Естественно, что до сегодняшнего дня я в своей новой барнаульской квартире побывать не успел.
У вас может возникнуть вопрос – странные у меня были отношения с братом Евгении. То из моего рассказа получается, что нас разделяла взаимная неприязнь, даже – ненависть, то – Кудрявцев вдруг оказывал мне помощь. Причем так, что мне самому не приходилось и пальцем шевелить.
Но так и было. Разделяли нас чувства, испытываемые друг к другу, а его помощь была результатом его интереса.
Он ведь был заинтересован, чтобы покрепче привязать меня к семье сестры. Коли уж так все сложилось.
А чувства наши друг к другу… Что ж, сердцу, как говорится, не прикажешь…
Я надавил сначала на одну, потом на вторую кнопку. Вскоре послышались шаркающие шаги и я услышал старческий голос:
– Кто там?
– Это Андрейчук, ваш новый сосед. Пожалуйста откройте, Яков Моисеевич!
Загремели засовы, в замочной скважине заскрежетал ключ, и дверь лишь приоткрылась, удерживаемая цепочкой.
– Ви Андрейчук? – спросил меня мой новый сосед. Судя по всему, он был маленького роста и худым, носил очки и всклоченную шевелюру с небольшой лысинкой на макушке – все это, хотя и с трудом, но можно было вполне разглядеть в приоткрытую дверь.
Я вздохнул и достал пенсионное удостоверение.
– Но здесь нет фото? – возмущенно сказали мне в дверную щель.
Я достал паспорт, протянул его соседу и приготовился к неизбежному вопросу – не мог старый бдительный еврей не задать его.
– А почему ви имеете при себе заграничный паспорт? И где таки ваш обычный паспорт?
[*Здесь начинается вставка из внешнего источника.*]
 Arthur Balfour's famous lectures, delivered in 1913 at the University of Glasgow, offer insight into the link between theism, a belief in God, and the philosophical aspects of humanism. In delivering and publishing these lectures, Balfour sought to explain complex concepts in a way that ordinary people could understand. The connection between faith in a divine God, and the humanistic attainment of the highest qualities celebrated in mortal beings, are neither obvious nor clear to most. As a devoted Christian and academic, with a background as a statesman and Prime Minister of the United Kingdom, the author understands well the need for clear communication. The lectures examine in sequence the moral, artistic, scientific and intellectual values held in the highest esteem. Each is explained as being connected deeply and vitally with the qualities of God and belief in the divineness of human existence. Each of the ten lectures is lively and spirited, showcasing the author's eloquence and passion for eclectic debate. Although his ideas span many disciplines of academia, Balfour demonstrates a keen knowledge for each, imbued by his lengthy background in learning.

Он смягчал гласные и не говорил «што», а только «что», причем выделял буквы «Ч», как это делают в Одессе.
– Яков Моисеевич! – проникновенным голосом начал я. – Мой внутригосударственный российский паспорт – у меня в комнате. И я покажу его вам сразу же, как только вы впустите меня.
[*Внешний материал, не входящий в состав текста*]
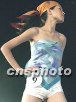 戴安娜2001世界精英模特大賽中國(guó)預(yù)選賽暨金沙灘模特大賽十日在青島舉行。圖為選手進(jìn)行絲巾創(chuàng)意設(shè)計(jì)比賽。中新社記者 錢(qián)興強(qiáng) 攝

А почему при мне именно загранпаспорт – я расскажу вам за чашкой чая. Если вы предложите мне чашку чая…
– Но ви на фото совершенно не похожи на себя! – возмутился старик, внимательно сквозь стекла очков разглядывая фотографию в паспорте. – Как же я могу-таки вам верить, что ви – именно Андрейчук?
Я усмехнулся. Правой половиной лица, как я уже говорил.
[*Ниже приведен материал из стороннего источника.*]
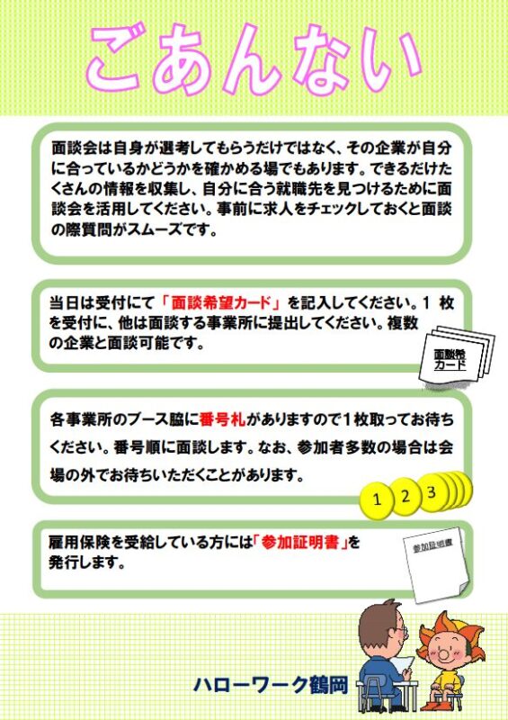 | 会場 | 鶴岡第2地方合同庁舎2階共用会議室 (ハローワーク鶴岡2階) |
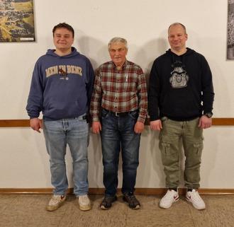 Der neue 1. Vorsitzende Leon Schäfer, Manfred Funk und Maurice Schäfer, der für 25jährige Mitgliedschaft geehrt wurde

– Так я вам поэтому и дал сначала пенсионное удостоверение! Где есть фамилия, но нет фотографии!
– Так и как ми с вами поступим? – спросил он, возвращая мне паспорт. – Потому что ми – в тупике?
– Ну, варианта два, – сказал я, пряча документы во внутренний карман пиджака. – Либо я иду в милицию и прихожу с участковым, который подтвердит вам мою личность, либо вам придется поверить вот этой справке…
С этими словами я достал и передал ему справку, выполненную на фирменном бланке из Тальменской больницы, которую я выпросил у добрейшего Якова Христофоровича и текст которой я ему продиктовал. Как последнее доказательство подлинности своей личности у меня еще была в пакете выписка из больничной карты.
Но выписка не потребовалась – справки хватило.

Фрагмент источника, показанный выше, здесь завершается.